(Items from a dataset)
►

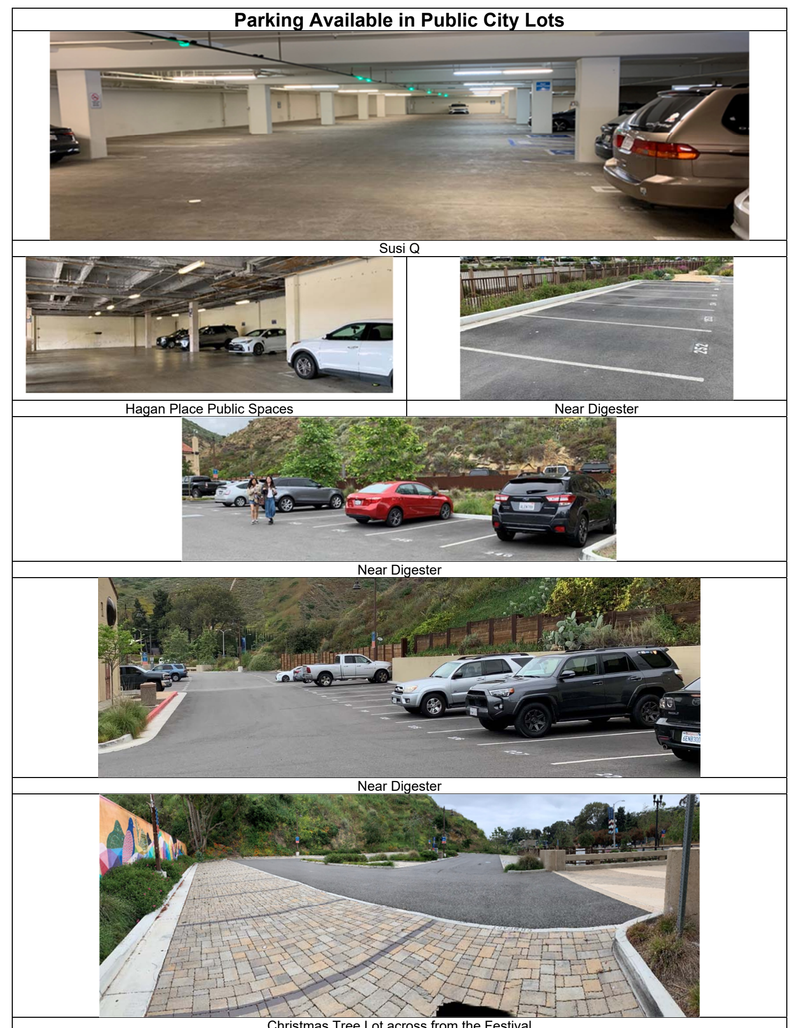
Christmas Tree Lot across from the Festival
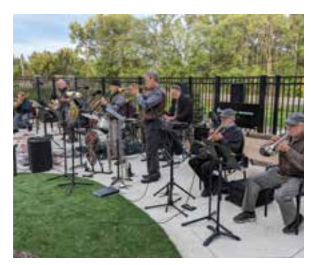
▲ Land O' Dixie entertains at the Grand Open House on October 7, 2023.
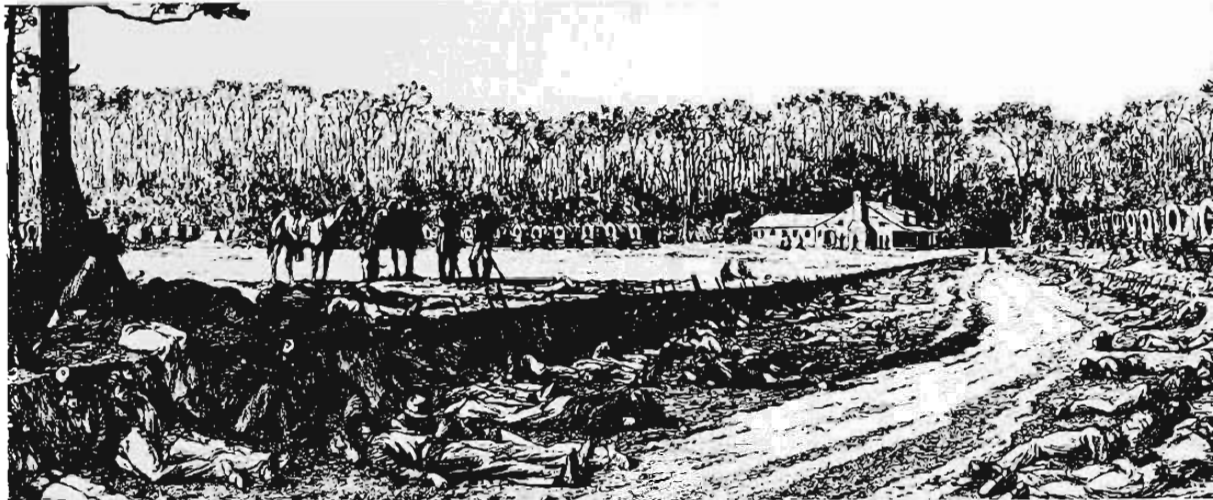
A column of Union soldiers halted for a rest during a long march

experience and many men wilted in the scorching heat and dust like mown grass. . . . There were a number of cases of fatal sunstroke, and some dying almost as quickly as if struck by a bullet in a vital part. All of the ambulances were filled with helpless men and those left behind were coming in all of the first part of the night.” 3
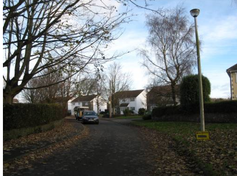
Modern housing that does not add to the special architectural or historic interest of the area.

◄

Task requirements:
Print exactly the lines from the one containing "October 7, 2023." through the last line of the records, both included, and leave out the pictures.

Your response:
▲ Land O' Dixie entertains at the Grand Open House on October 7, 2023.
A column of Union soldiers halted for a rest during a long march

experience and many men wilted in the scorching heat and dust like mown grass. . . . There were a number of cases of fatal sunstroke, and some dying almost as quickly as if struck by a bullet in a vital part. All of the ambulances were filled with helpless men and those left behind were coming in all of the first part of the night.” 3
Modern housing that does not add to the special architectural or historic interest of the area.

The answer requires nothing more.